Restaurant information
- Established: 1980; 46 years ago
- Food type: Primarily breakfast, with less popular lunch and dinner menus
- Dress code: Casual
- Location: United States
- Other locations: Throughout West Virginia, Kentucky, Ohio, and Florida.
- Website: TudorsBiscuitWorld.com

= Tudor's Biscuit World =

U.S. restaurant chain

Tudor's Biscuit World is a restaurant chain and franchise based in Nitro, West Virginia, most commonly found in West Virginia. Many West Virginia locations share a building with Gino's Pizza and Spaghetti, although the chain is more extensive than Gino's (which is exclusive to West Virginia), having locations in southern Ohio and eastern and central Kentucky. In 2016 a franchise was opened in Panama City, Florida.

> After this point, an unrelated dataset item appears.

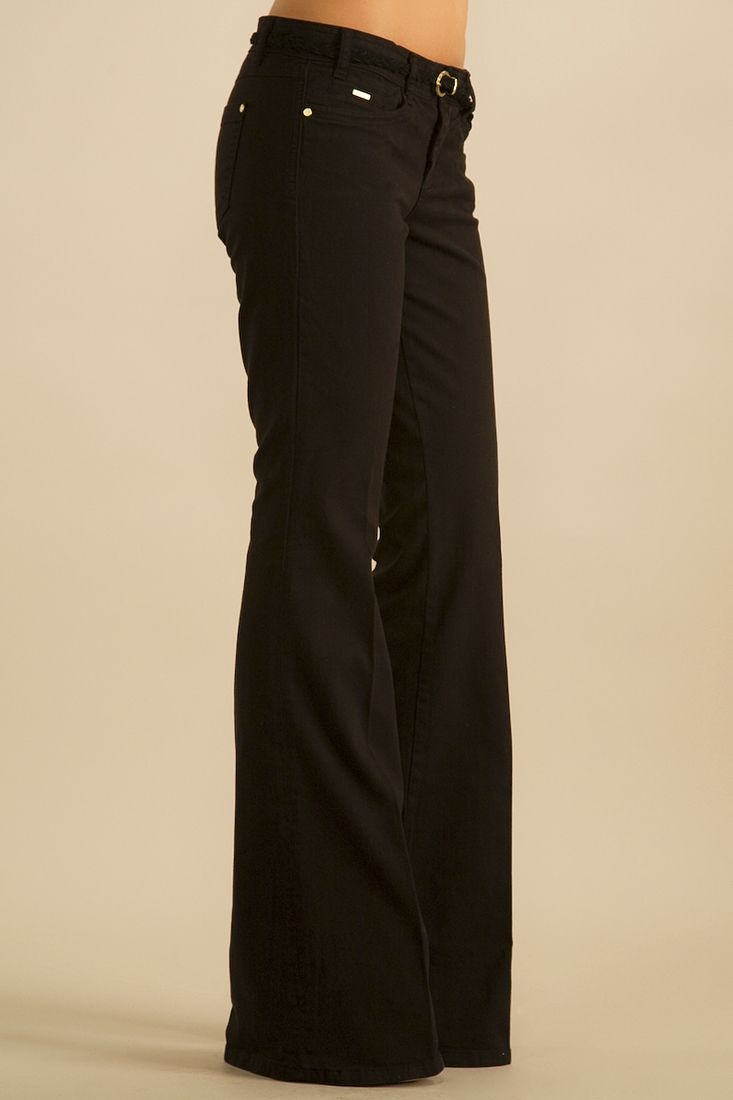 • Bayan Siyah Düşük Bel İspanyol Paça Pantolon

Tudor's serves biscuits, biscuit sandwiches, homestyle breakfasts and dinners, muffins, and several side dishes. The chain was originally based in Charleston, West Virginia and many of the biscuit sandwiches are named for sports teams of interest in that area, including teams at Marshall University, West Virginia University, and The University of Charleston. As of 2023, the chain has over 70 locations in 4 states.

==History==
Tudor's Biscuit World was the original idea and concept of Bill and Mae Tudor and their son John Tudor. Bill and Mae opened the first Tudors on Washington Street in Charleston, West Virginia, in 1980. Their son John joined them two months later after graduating from East Carolina University. They opened more stores in the Charleston and Huntington areas, and began selling franchises.

In 1986, Bill Tudor died and John and his mother continued to grow the business with the addition of Oshel Craigo as their new franchise partner.

Tudor's Biscuit World biscuits are named for real customers. Many biscuits are named after regular customers of the original Tudor’s Biscuit World, including the Ron, Dottie, and Tootie.